The committee has always responded to enquiries from the press, and to reports which give an inaccurate or misleading picture of morris. As folk became very ‘uncool’ in the 1980s and 1990s, the committee sought ways of improving the image of morris. Things had to get a lot more political in the 1990s when the government was planning to ‘abolish May Day’ by moving the May Day Bank Holiday to some other time of year. The committee organised protests culminating in massed dancing in London and petitions handed to the Prime Minister by a Jack-in-the-Green and a chimney sweep, among others.
The Licensing Act
Then in the first years of the 21st century a new Public Entertainment Licensing Act was under discussion, which would have required applying for a licence for every public performance. The three morris organisations worked together to get morris ‘and related activities’ exempted from the Act, and the victory was celebrated at a massed dance-out in Trafalgar Square in London on 2nd October 2003.
The birth of the Joint Morris Organisations
The campaign against the Licensing Act was not the first time the Federation had worked closely with the Morris Ring and Open Morris. Relations between the three had been improving in the later years of the 20th century, the committees finding they had many aims in common. The three organisations had worked together as early as 1987 on a survey of morris injuries, and four conferences had been jointly organised in the 1990s. Regular meetings of the ‘Joint Morris Organisations’ are now held to discuss approaches to common problems, and a joint National Day of Dance is run every year.
Lockdowns and the cessation of full-face black makeup
The lockdowns of 2020-2021 to control the spread of Covid-19 meant that no public performances were possible, nor practising together until restrictions were gradually lifted, from the spring of 2021. The Federation’s Health and Safety Advisor put together advice for the teams all desperate to start dancing together as soon as possible. As some compensation for the lack of a normal morris life, a busy programme of talks and workshops on ‘Zoom’ was organised, which of course meant that the Federation was reaching out internationally. The success of the programme encouraged the committee to continue it after the lockdowns were over. Between November 2020 and December 2024, the Federation ran 84 online events.
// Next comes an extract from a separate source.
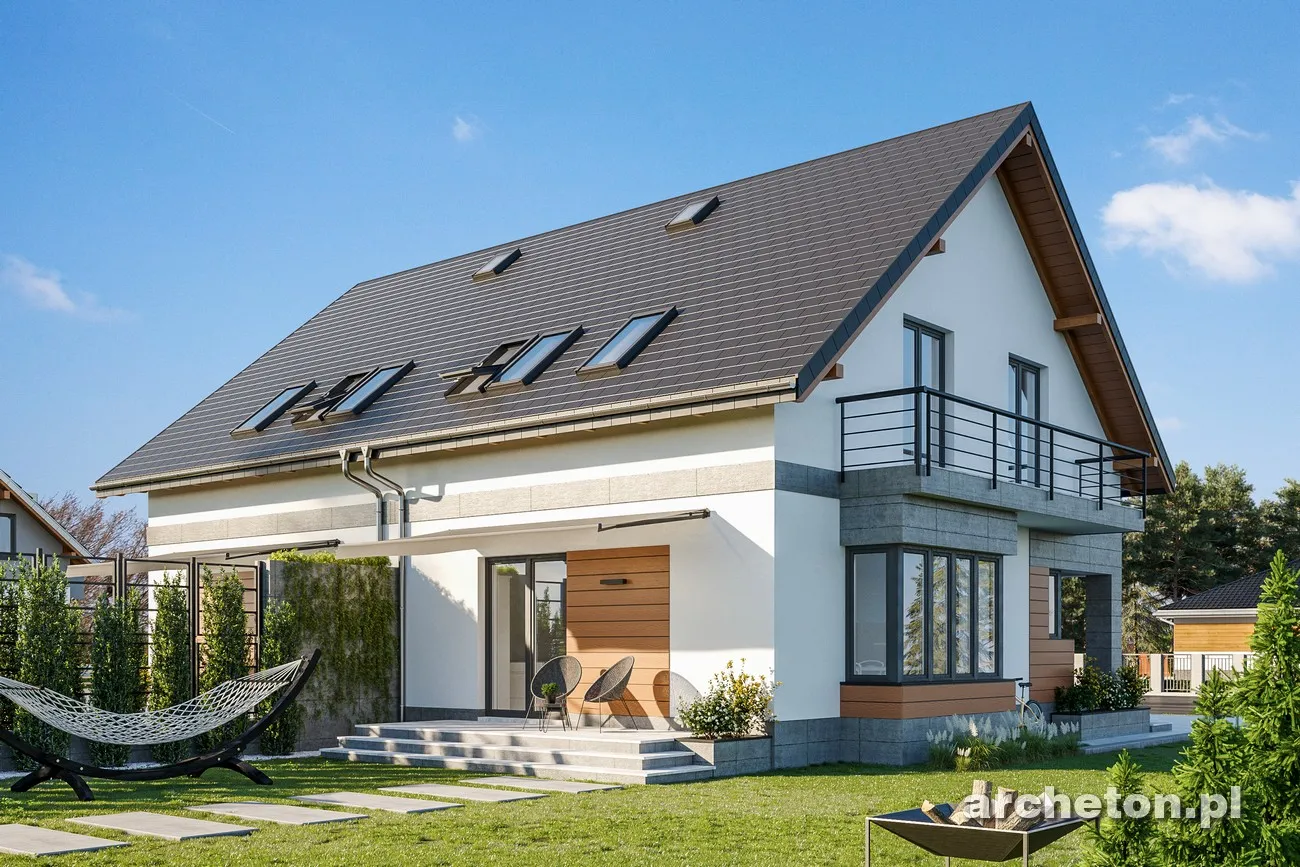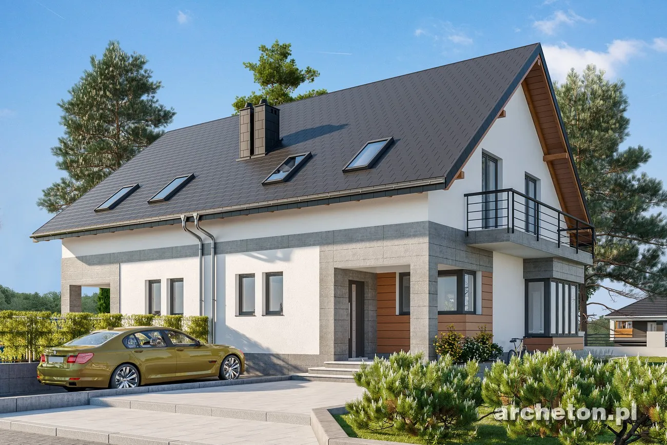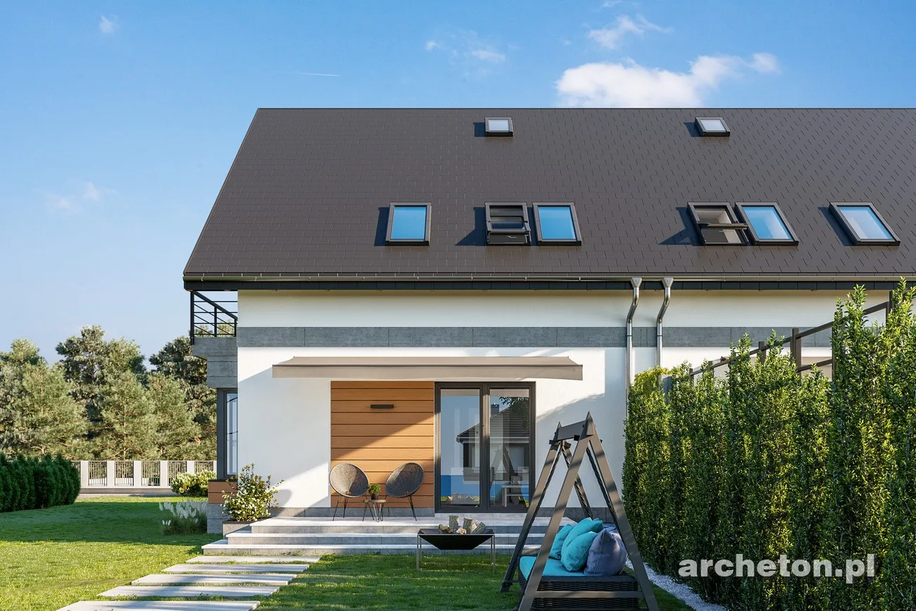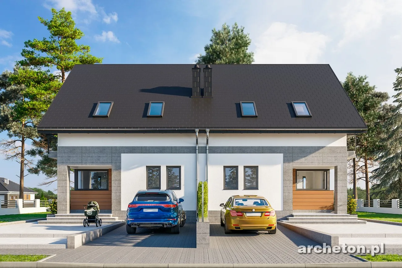 Проект дома Beza Bo Duo — одна из самых простых концепций одноэтажного дома с функциональным чердаком, предназначенного для сблокированной застройки. Как и в случае с немного меньшим по размеру Beza Duo, это обусловлено его небольшой площадью основания, вытянутой планировкой, перпендикулярной подъездной дорожке, и отсутствием гаража. Простая форма имеет экономичную крышу без мансардных окон (место для солнечных батарей!). Он был создан на немного более широкой планировке, чем Beza Duo. При той же длине планировки на первом этаже было создано больше места для семейной жизни, а на чердаке — три более комфортабельные спальни для четырех человек и ванная комната. Сочетание гостиной, кухни и прихожей создает красивый, наполненный светом интерьер. Ярким решением является включение лестницы в гостиную. Вариант Bo отличается просторным коридором с гардеробной. Большая площадь также обусловлена ​​механической вентиляцией, которая освобождает место, занимаемое дымоходами. Выступ столовой, обрамленный стеклом, имеет балкон в фронтонной стене. Это единственное визуальное улучшение, помимо передней ниши. В проекте дома Beza Bo Duo устранена разница в высоте между коридором и первым этажом. Вместо этого, приподнятая входная терраса расположена внутри аркады с угловой колонной.

The re-ignition of ‘Black Lives Matter’ after the killing of George Floyd in the USA in May 2020 lent urgency to the need to steer the Federation through the process of making blackened faces an inappropriate costume for member teams. The questionable origins of the practice were little known, but most teams who wore full face black makeup could see that it could be taken to be offensive, and changed to using masks or other colours.
Celebrating 50 years
As the Federation celebrates its 50th anniversary, morris dancers are in a very different world from that challenged by its founders. The majority of teams now dance other traditions than Cotswold, and the number of women dancing is now equal to the number of men. The need to improve the public image of the morris population remains, as the average age of participants continues to increase
In 2023 the Federation gained a grant from Arts Council England to take morris into selected schools, and is hoping to build on the very positive outcomes. Here’s to the next 50 years!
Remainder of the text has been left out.